ECLI:NL:HR:2009:BG9619
Hoge Raad
- Herziening
- G.J.M. Corstens
- W.A.M. van Schendel
- J. de Hullu
- Rechtspraak.nl
Herziening van een arrest inzake aansprakelijkheidsverzekering motorrijtuigen
In deze zaak heeft de Hoge Raad op 13 januari 2009 uitspraak gedaan over een aanvrage tot herziening van een eerder arrest van het Gerechtshof te 's-Gravenhage. De aanvrager, vertegenwoordigd door mr. D. Matadien, had verzocht om herziening van een veroordeling tot een geldboete van € 385,- voor het niet hebben van een verzekering voor een motorrijtuig op 1 juni 2005. De aanvrager stelde dat er op die datum wel degelijk een verzekering van kracht was, zoals bevestigd door een verklaring van de verzekeringsmaatschappij. Deze verklaring was echter later door de verzekeringsmaatschappij, thans Fortis ASR, ontkracht, waarbij werd aangegeven dat er op de genoemde datum geen dekking was vanwege een betalingsachterstand van de aanvrager.
De Hoge Raad heeft de aanvrage tot herziening beoordeeld aan de hand van artikel 457 van het Wetboek van Strafvordering, dat stelt dat herziening alleen mogelijk is op basis van nieuwe feiten die niet eerder bekend waren en die een ernstig vermoeden wekken dat de uitkomst van de zaak anders zou zijn geweest. De Hoge Raad concludeerde dat de door de aanvrager overgelegde verklaring niet voldeed aan deze eisen, aangezien de later verstrekte informatie van de verzekeringsmaatschappij het vermoeden ontkrachtte.
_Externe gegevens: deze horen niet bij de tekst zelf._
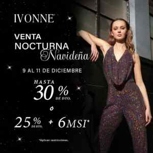Desde hoy viernes 09 y hasta el domingo 11 de diciembre de 2022, en las tiendas de ropa para mujeres Ivonne estará su Venta Nocturna Navideña, en la que te estarán dando hasta un 30% de descuento ó un 25% de descuento + 6 Meses sin intereses; la promoción es válida en sus sucursales físicas.
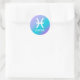 Ein Set runder Aufkleber mit dem Astrologiesymbol für Pisces über einem blauen und lila Gradientenhintergrund. Für jemanden, dessen Geburtstag zwischen dem 19. Februar und dem 20. März ist.
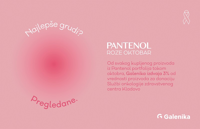 Misija kompanije Galenika i njenog brenda Pantenol i ove godine je u službi borbe protiv raka dojke. Tokom oktobra, meseca posvećenog borbi protiv raka dojke, Galenika peti put pruža aktivnu podršku i realizuje donatorsku akciju za zdravstvenu instituciju u Srbiji: od svakog kupljenog proizvoda iz Galenikinog Pantenol portfolija tokom oktobra, ova kompanija izdvaja 3% vrednosti proizvoda za ovu humanitarnu inicijativu.
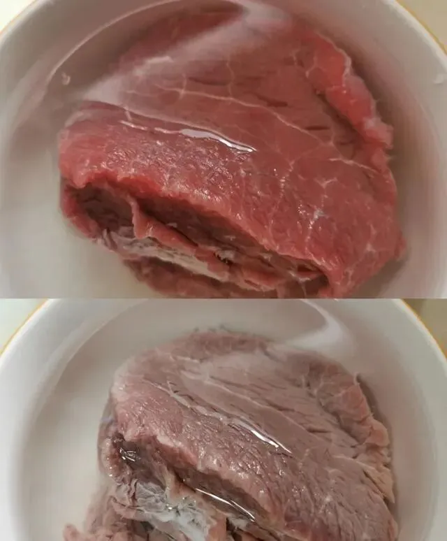 还有个冷知识 , 刚买回来的肉用冷水泡一泡 , 把血水泡出来 , 腥味少一半。

Uiteindelijk heeft de Hoge Raad de aanvrage tot herziening afgewezen, waarmee de eerdere veroordeling in stand bleef. De uitspraak benadrukt het belang van de juistheid van de informatie die wordt verstrekt door verzekeringsmaatschappijen en de strikte eisen die gelden voor het indienen van een herzieningsverzoek.